Была там, например, среди этих его «медицинских частушек», такая:
— Подружка моя, я еще девица,Отчего же у меня сделалась грудница?— Подружка моя, сядь, пиши скорее.Эту пакость на тебя навели евреи!
Это было эхо не так давно — всего четыре года назад — потрясшего страну «дела врачей»: подружка ведь прямо призывала подружку повторить знаменитый подвиг Лидии Тимашук.
Кстати, Булат тоже начинал с ёрнических частушек.
Пел, перебирая струны гитары:
— Ты куда меня ведешь?Такую молодую!— На ту сторону реки.Иди, не разговаривай!
За каждым таким куплетом следовал меланхолический рефрен:
Возросшие, культурные,колхозные потребности.
Любил он петь и старый городской романс: «Город Николаев, фарфоровый завод…».
А иногда нечто совсем уже «низкого жанра», с грузинским акцентом:
Она ему любит, она ему мать,Она ему хочет аб-ни-мать!
С рефреном:
Таш-туши, таш-туши, мадам попугай…
Наверно, из-за этой склонности к «низким жанрам» у них обоих — и у Саши, и у Булата — были схожие комплексы.

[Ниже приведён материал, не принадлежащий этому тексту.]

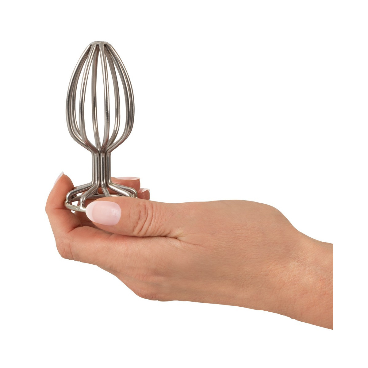 Il butt plug Metal Cage Ø 3,8 cm di ANOS in un sofisticato design cavo non solo offre una grande stimolazione anale e uno stiramento delicato, ma anche eccitanti viste e intuizioni sui glutei. La sua grande base offre la giusta visuale e una manipolazione sicura senza scivolare - così è possibile anche un piacere duraturo da indossare.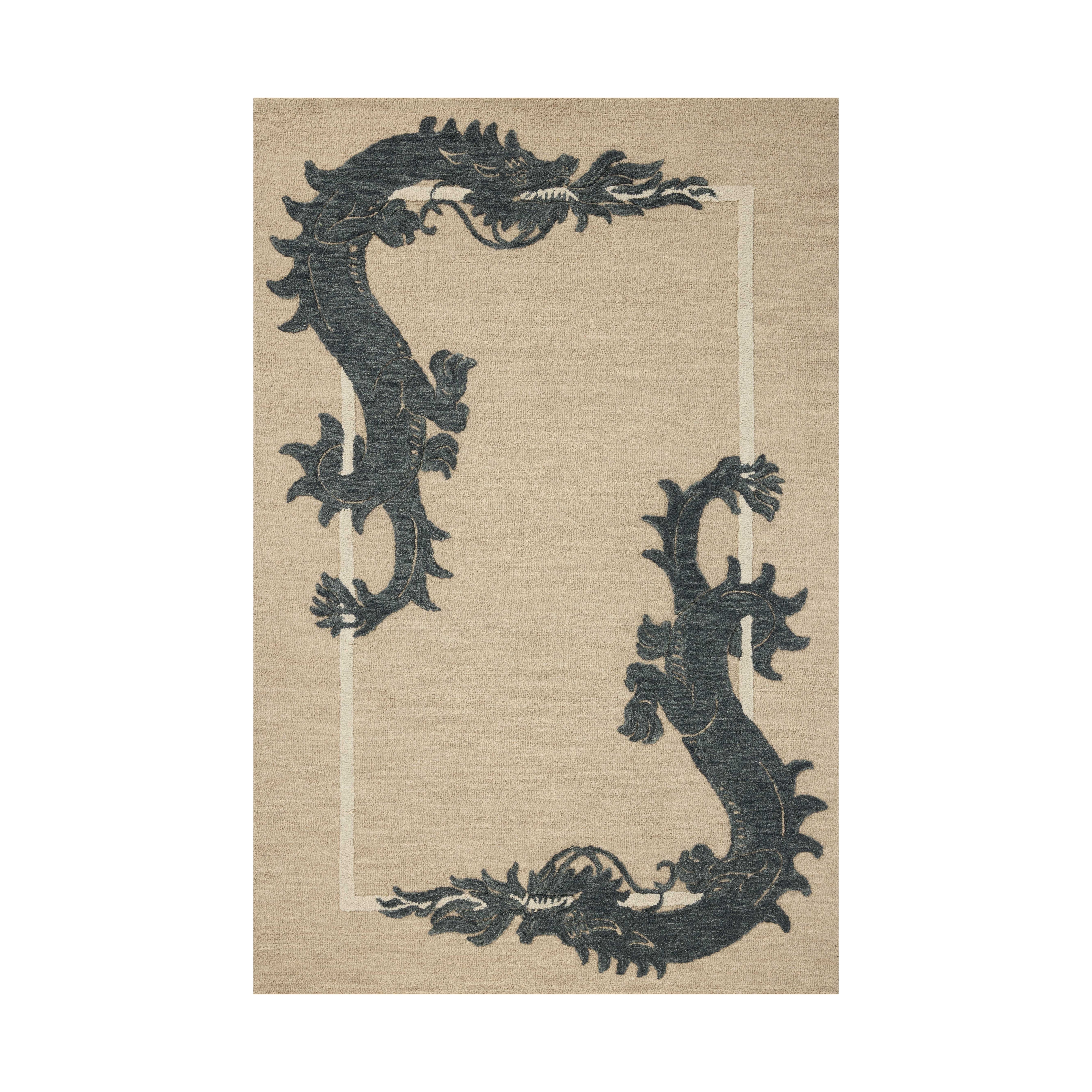 The Romi Collection by Brigette Romanek and Loloi presents a striking hand-tufted wool area rug anchored by an elegant dragon border in oatmeal and midnight tones. Subtly elevated pile construction adds tactile dimension throughout, while the sophisticated palette ensures seamless integration into varied interiors. Crafted in India under GoodWeave certification, this collection upholds rigorous ethical standards and directly supports weaver communities. Natural wool shedding is expected; maintain the rug's longevity through regular vacuuming without beater bar activation.

Когда мы с Булатом работали в «Литературной газете» (год, наверно, 60-й), один наш сотрудник пригласил нас всех — весь наш отдел — на свадьбу.
Свадьба была мещанская. Со всеми полагающимися атрибутами: жених в черной паре с галстуком, невеста — в фате. На каждом стуле перед столом — бумажная табличка с именем приглашенного, и все — по чинам, по ранжиру. А табличка на стуле, предназначенном Булату, гласила: «Гитарист».
Без малого сорок лет спустя, когда Булату стукнуло семьдесят, после грандиозного юбилейного вечера в здании какого-то театра на Трубной, был еще один, интимный, в маленьком зале Литмузея. И во время моего выступления (я вспоминал нашу молодость) Булат, сидевший в первом ряду, кинул мне:
— Расскажи про «Гитариста».
Сейчас, тридцать пят лет спустя, после только что прошедшего триумфального юбилея (океан цветов, приветствия от самых знаменитых людей страны, не расходящаяся толпа народа у здания театра, где долго длилось чествование юбиляра) над той старой историей он уже мог — и даже хотел — посмеяться. Но — не забыл ее, помнил. А тогда — от нас он этого и не скрывал — эта бумажка с надписью «Гитарист» больно его задела.